(Extracted records)

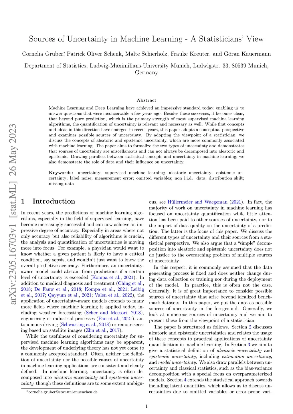 Supervised machine learning and predictive models have achieved an impressive standard today, enabling us to answer questions that were inconceivable a few years ago. Besides these successes, it becomes clear, that beyond pure prediction, which is the primary strength of most supervised machine learning algorithms, the quantification of uncertainty is relevant and necessary as well. However, before quantification is possible, types and sources of uncertainty need to be defined precisely. While first concepts and ideas in this direction have emerged in recent years, this paper adopts a conceptual, basic science perspective and examines possible sources of uncertainty. By adopting the viewpoint of a statistician, we discuss the concepts of aleatoric and epistemic uncertainty, which are more commonly associated with machine learning. The paper aims to formalize the two types of uncertainty and demonstrates that sources of uncertainty are miscellaneous and can not always be decomposed into aleatoric and epistemic. Drawing parallels between statistical concepts and uncertainty in machine learning, we emphasise the role of data and their influence on uncertainty.
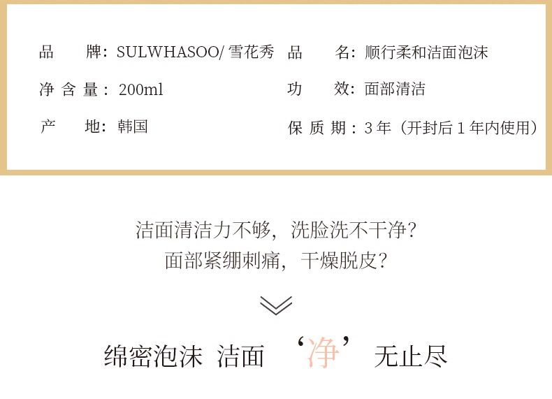 【海关保税直发】Sulwhasoo雪花秀顺行洗面奶-柔和洁面草本氨基酸-会员5折
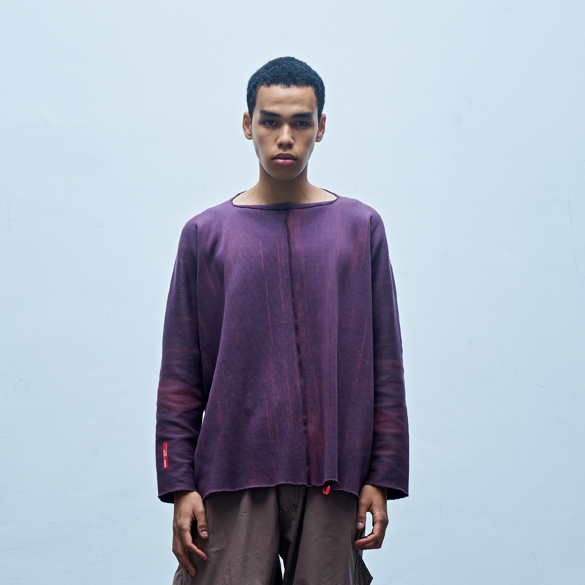 独自のパターンメイキングによって構築された、変形ロングスリーブTシャツ。
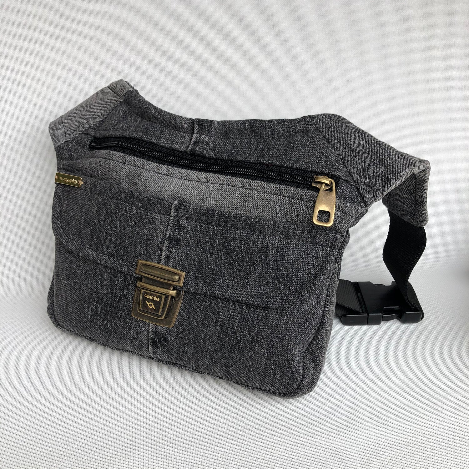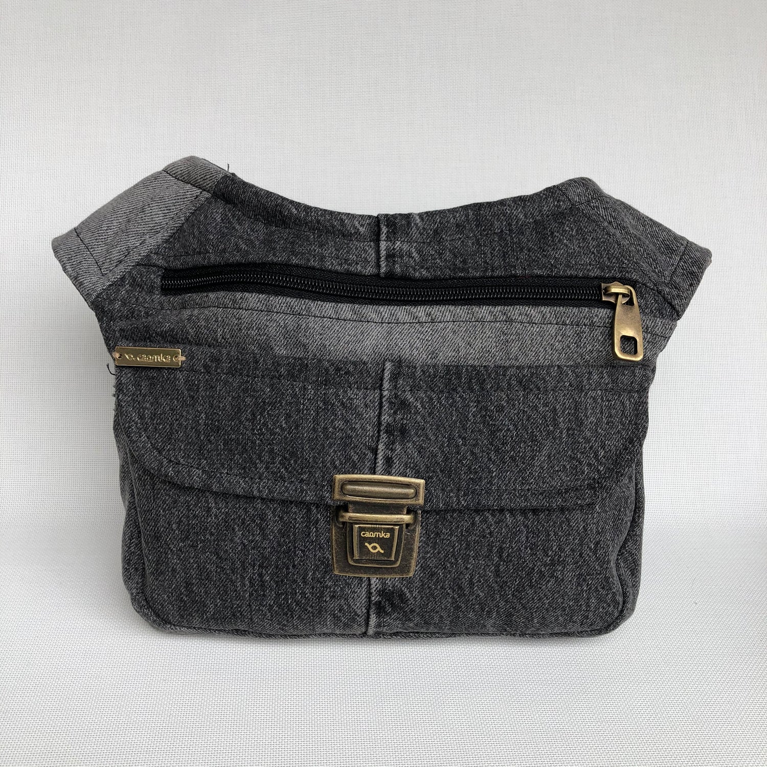 Bolso de Cadera multifunción (Riñonera - Bolso - Bandolera) en tela vaquera reciclada y resistente.
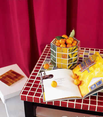 透明的馬賽克可以用來做燭臺,因為燭光能夠透過馬賽克朦朦朧朧灑出來,又不似透過普通玻璃那樣直白。還有實用的紙巾盒、花瓶都可以用馬賽克來制做,一樣的餐桌不一樣的風(fēng)情。
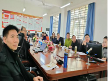 参会领导与教研部全体教师合影 教研部老师认真讨论交流
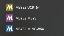 MSYS służy głównie do zarządzania pakietami. MINGW64 i UCRT64 pozwalają budować natywne pliki .exe dla Windowsa. Korzystam z MINGW64, bo jest prostsze od UCRT64 i wystarczające.

### What is needed
Each entry above should be copied word for word, with the images omitted.

### Your response
 Supervised machine learning and predictive models have achieved an impressive standard today, enabling us to answer questions that were inconceivable a few years ago. Besides these successes, it becomes clear, that beyond pure prediction, which is the primary strength of most supervised machine learning algorithms, the quantification of uncertainty is relevant and necessary as well. However, before quantification is possible, types and sources of uncertainty need to be defined precisely. While first concepts and ideas in this direction have emerged in recent years, this paper adopts a conceptual, basic science perspective and examines possible sources of uncertainty. By adopting the viewpoint of a statistician, we discuss the concepts of aleatoric and epistemic uncertainty, which are more commonly associated with machine learning. The paper aims to formalize the two types of uncertainty and demonstrates that sources of uncertainty are miscellaneous and can not always be decomposed into aleatoric and epistemic. Drawing parallels between statistical concepts and uncertainty in machine learning, we emphasise the role of data and their influence on uncertainty.
 【海关保税直发】Sulwhasoo雪花秀顺行洗面奶-柔和洁面草本氨基酸-会员5折
 独自のパターンメイキングによって構築された、変形ロングスリーブTシャツ。
 Bolso de Cadera multifunción (Riñonera - Bolso - Bandolera) en tela vaquera reciclada y resistente.
 透明的馬賽克可以用來做燭臺,因為燭光能夠透過馬賽克朦朦朧朧灑出來,又不似透過普通玻璃那樣直白。還有實用的紙巾盒、花瓶都可以用馬賽克來制做,一樣的餐桌不一樣的風(fēng)情。
 参会领导与教研部全体教师合影 教研部老师认真讨论交流
 MSYS służy głównie do zarządzania pakietami. MINGW64 i UCRT64 pozwalają budować natywne pliki .exe dla Windowsa. Korzystam z MINGW64, bo jest prostsze od UCRT64 i wystarczające.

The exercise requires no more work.